As long as locale is explicitly specified, referring to another language specification seems to be the best way to fully define support. atof() might not be the best example as we'd want to disallow both leading whitespace, trailing garbage, alternate locales. I presume base 10 encoding is preferable for human readability purposes. Does it make sense to define a minimum round-trip fp precision? I've had errors introduced by tools truncating to 2dp, but that might be outside the scope of the specs.

d-cameron · 2015-06-15T01:32:55Z

@bhandsaker I was under the impression that complex structural variants were intended to be represented as any number of breakend variants all sharing matching EVENT identifier, with the predefined symbolic alleles used for common local SVs.

bhandsaker · 2015-06-15T12:27:13Z

I believe breakends are better for describing the kinds of structural rearrangements one finds in cancer genomes. Our lab focuses more on complex common SVs, such as 17q21.31 http://www.ncbi.nlm.nih.gov/pubmed/22751096 and similar sorts of situations where we might want to represent shared haplotypes in the population but may not have the level of specificity implicit in or required by the breakend notation.
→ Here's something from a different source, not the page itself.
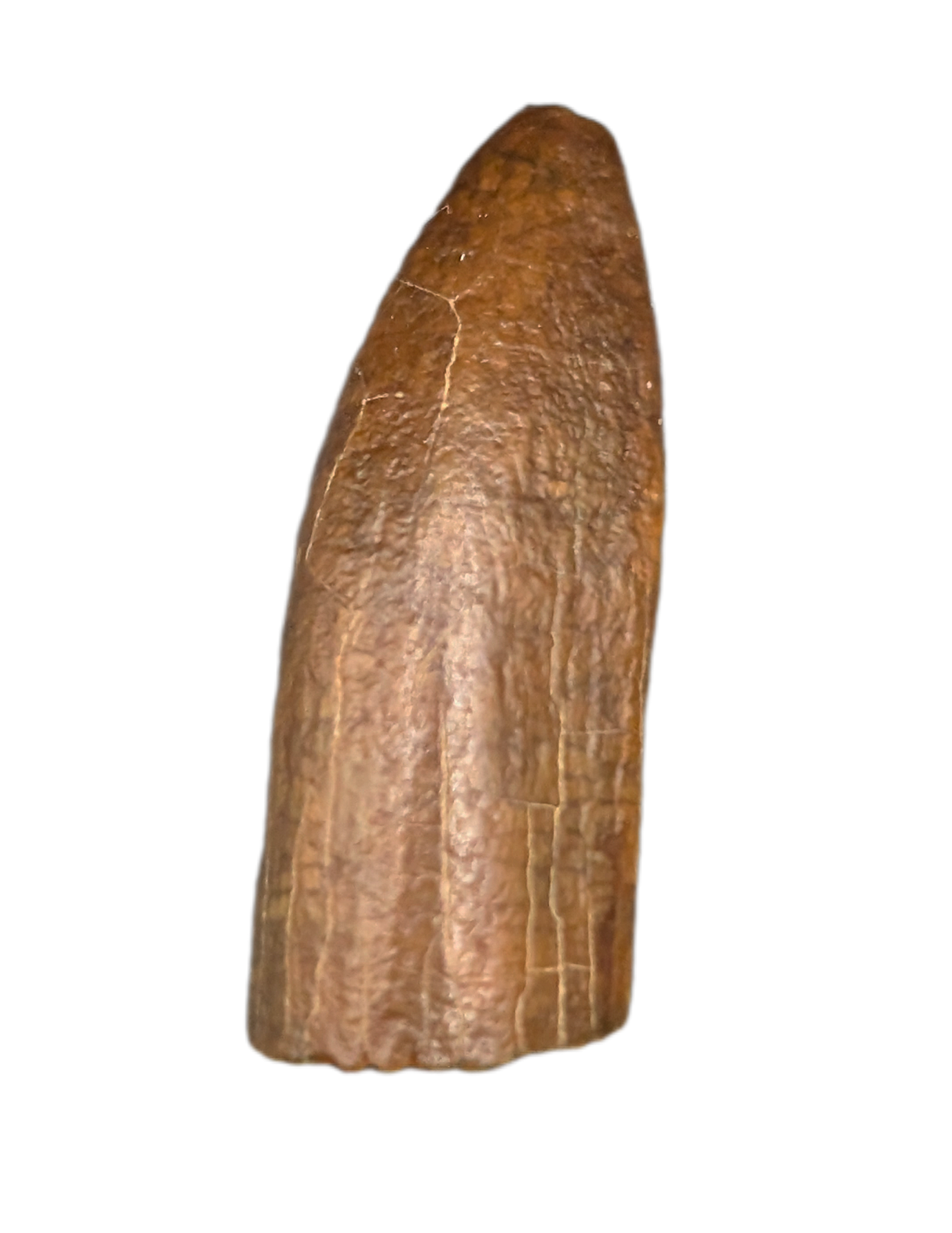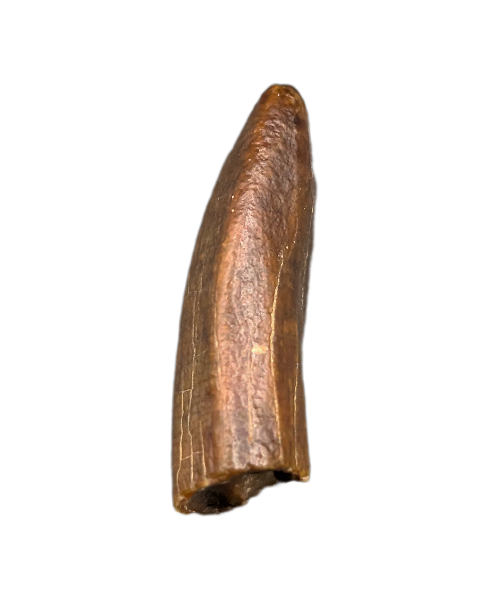 0.58" (1.47 cm) Titanosaur (Dzharatitanis) tooth, Bissekty Formation, Uzbekistan. A rare formation to obtain fossils. 90-92 Million years old, the Bissekty Formation has outcrop in the Kyzyl Kum desert of Uzbekistan. This is the Bissekty Sauropod tooth I've ever come across.

I'm not suggesting any specific changes to the spec, just that we don't add language that would make a VCF invalid if it contains a new symbolic allele (although all symbolic alleles SHOULD be defined in the header).

d-cameron · 2015-06-15T15:59:12Z

@bhandsaker that in itself is a change to the v4.3 spec as the draft currently has a pre-defined fixed set of top-level SV allele as opposed to the open-ended style of v4.2. It seems like what you want to achieve can be resolved by reverting to allowing symbolic allele of any name, forcing interpretation of any reference matching a symbolic allele name as a reference to the symbolic allele and not a named contig with the same name.

It's looks like more than just the ALT header keys that would need changing for properly modelling complex SVs. SVTYPE is currently restricted to DEL, INS, DUP, INV, CNV, BND, and complex SVs don't fit neatly into any of those, although you could probably hack 17q21.31 into a named CNV allele. Does your use case involve representing such common variants as single-line named SVs at a nominal haplotype position, or is it something else?

On a related note, the specs still seem unclear as to whether alleles such as TTTA<DEL>, or AA<namedcontig1>TAAA<namedcontig2>NNN are allowed valid allele.

bhandsaker · 2015-06-15T16:12:58Z

@d-cameron @bhandsaker that in itself is a change to the v4.3 spec as the draft currently has a pre-defined fixed set of top-level SV allele as opposed to the open-ended style of v4.2.
Can you point me to where this is changed so that symbolic alleles have to come from a pre-defined fixed set?

d-cameron · 2015-06-16T01:42:12Z

Line 146-153 of the initial VCF 4.3 branch change set af41ed9

bhandsaker · 2015-06-16T01:55:51Z

Oh. heh heh. It's possible that I wrote that actually as part of the original SV specification.
Well, I don't think it's worth loosening the specification. Sorry for the confusion.

pd3 · 2015-06-22T14:12:40Z

@d-cameron The RFC1738 is primarily about URLs and most of the unsafe characters relevant to URLs do not apply to VCF. Wouldn't it be better to give an explicit list of characters that can be encoded?

%3a  ..  :  (colon)  
%3b  ..  ;  (semicolon)
%3d  ..  = (equal sign)
%25  ..  % (percent sign)
%2c  ..  ,  (comma)
%0d  .. CR
%0a  .. LF
%09  .. TAB

The percent sign should be always written as %25, I think.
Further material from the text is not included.